MPs urge Government to dock executive pay for cyber attacks

Chief executive who fail to prevent cyber security breaches should meanwhile have a portion of their pay docked, the Culture Media and Sport Select Committee added as it published the results on an inquiry into the cyber attack that plunged the broadband operator TalkTalk into crisis last year, reports The Telegraph.

Britain’s status as the leading internet economy in the G20 is under threat from a combination of increasing reliance on digital infrastructure, and inadequate protection of it, according to the report.

Its recommendations were announced as Baroness Harding, TalkTalk’s chief executive, saw her performance bonus slashed by more than a third to £220,000 as a result of the company’s security failings.
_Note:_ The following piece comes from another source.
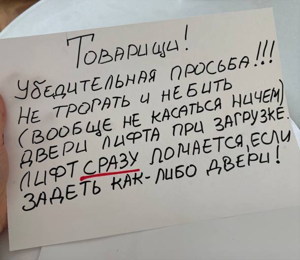 Лифт в подъезде №8 очень капризен — ломается буквально от прикасаний. Уставшие от регулярных «зарядок» из-за поломок жители повесили памятку по его эксплуатации: «Лифт сразу ломается, если задеть как-либо двери!».

She donated all of the cash to a charity, Ambitious About Autism.

Lady Harding’s overall remuneration nevertheless almost tripled to £2.8m, despite a year in which TalkTalk’s share price fell by 31pc. The company said the steep increase reflected the vesting of shares awarded under a three-year Long-Term Incentive Plan (LTIP).

A spokesman said: “The Remuneration Committee reviewed the LTIP award in the light of the cyber attack, but as the company significantly outperformed the target set over the period, it was an accurate reflection of 2012-2015 performance.”
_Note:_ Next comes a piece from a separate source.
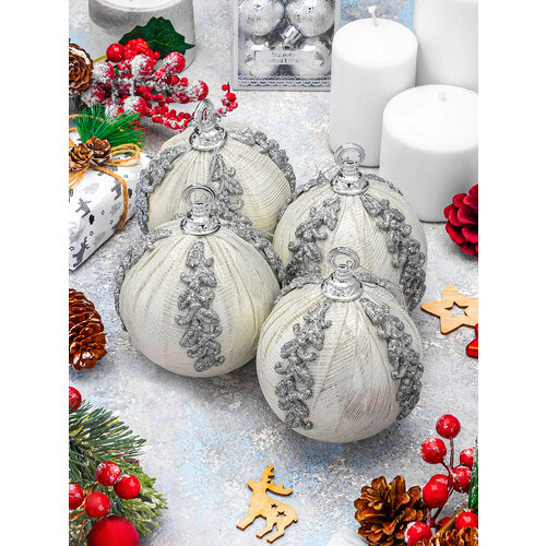 серебристый, белый, серебристыйНабор из 6-ти новогодних шаров украсит елку и привнесет праздничную атмосферу! Шары подойдут для использования в роли елочного украшения, интерьерного декора на стену, создания декоративных подвесных или настольных композиций. Еловые шарики мало весят: вы сможете подвесить их даже на самые высокие и тонкие веточки. Диаметр каждого шара 9,5 см. Имеется петля для подвешивания. Большие новогодние игрушки смогут стать настоящим украшением вашего дома и помогут ярко отпраздновать Новый Год или Рождество!

Jesse Norman, chairman of the culture committee, said: “TalkTalk responded quickly and well to this attack, but appear to have been much less effective in the past, failing to learn from repeated breaches of different kinds.”

He called on TalkTalk to publish an internal investigation of the incident in October carried out by PwC to give customers more information about what went wrong and how it is being addressed.
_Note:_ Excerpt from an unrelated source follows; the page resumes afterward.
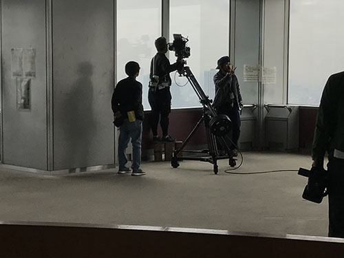 都庁南展望室でのロケ撮影は、毎日訪れるたくさんのお客様に迷惑のかからないよう、開室前の早朝に行われました。このシーンのテーマは、野望を抱く主人公の決意表明。展望室からの壮大な東京の眺望が、俳優の演技に一層の厚みを加えています!乞うご期待!
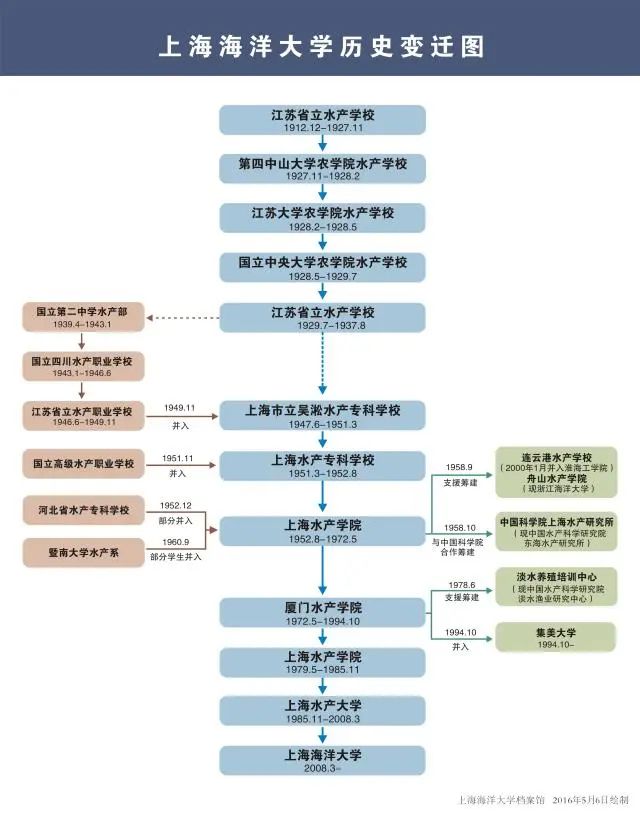 學校前身是張謇、黃炎培創(chuàng)建于1912年江蘇省立水產學校。歷經(jīng)國立中央大學農學院水產學校、上海市立吳淞水產??茖W校、上海水產??茖W校等校名。1952年升格為中國第一所本科水產高校——上海水產學院。1972年南遷廈門集美,更名為廈門水產學院。1979年遷回上海,恢復上海水產學院,保留廈門水產學院。1985年更名為上海水產大學。2008年更名為上海海洋大學。

TalkTalk, Britain’s fourth-largest broadband provider with four million customers, discovered a breach of security on its website that it described as a “significant and sustained cyber attack”. It received a ransom demand for the data from online criminals and warned all customers that their personal information was at risk. Arrests followed and the case remains under investigation by police.

The culture committee said the attack was a “wake-up call” to companies, which should ensure digital security is on chief executives’ agenda by linking it to pay. Large organisations should also employ an executive with full day-to-day responsibility for securing IT systems, the MPs said.

Mr Norman said: “Companies must have robust strategies and processes in place, backed by adequate resources and clear lines of accountability, to stay one step ahead in a sophisticated and rapidly evolving environment.

“Failure to prepare for or learn from cyber-attacks, and failure to inform and protect consumers, must draw sanctions serious enough to act as a real incentive and deterrent.”

He called on the Government to enact dormant laws that would see those who buy and sell stolen data jailed for up to two years. Currently criminal hackers can be imprisoned, but those who trade their stolen goods in online black markets may face only a fine.

The Information Commissioner’s Office, responsible for enforcing data protection legislation, should also introduce a system of escalating fines that punish companies that fail to prevent the most common forms of cyber attack, the select committee said.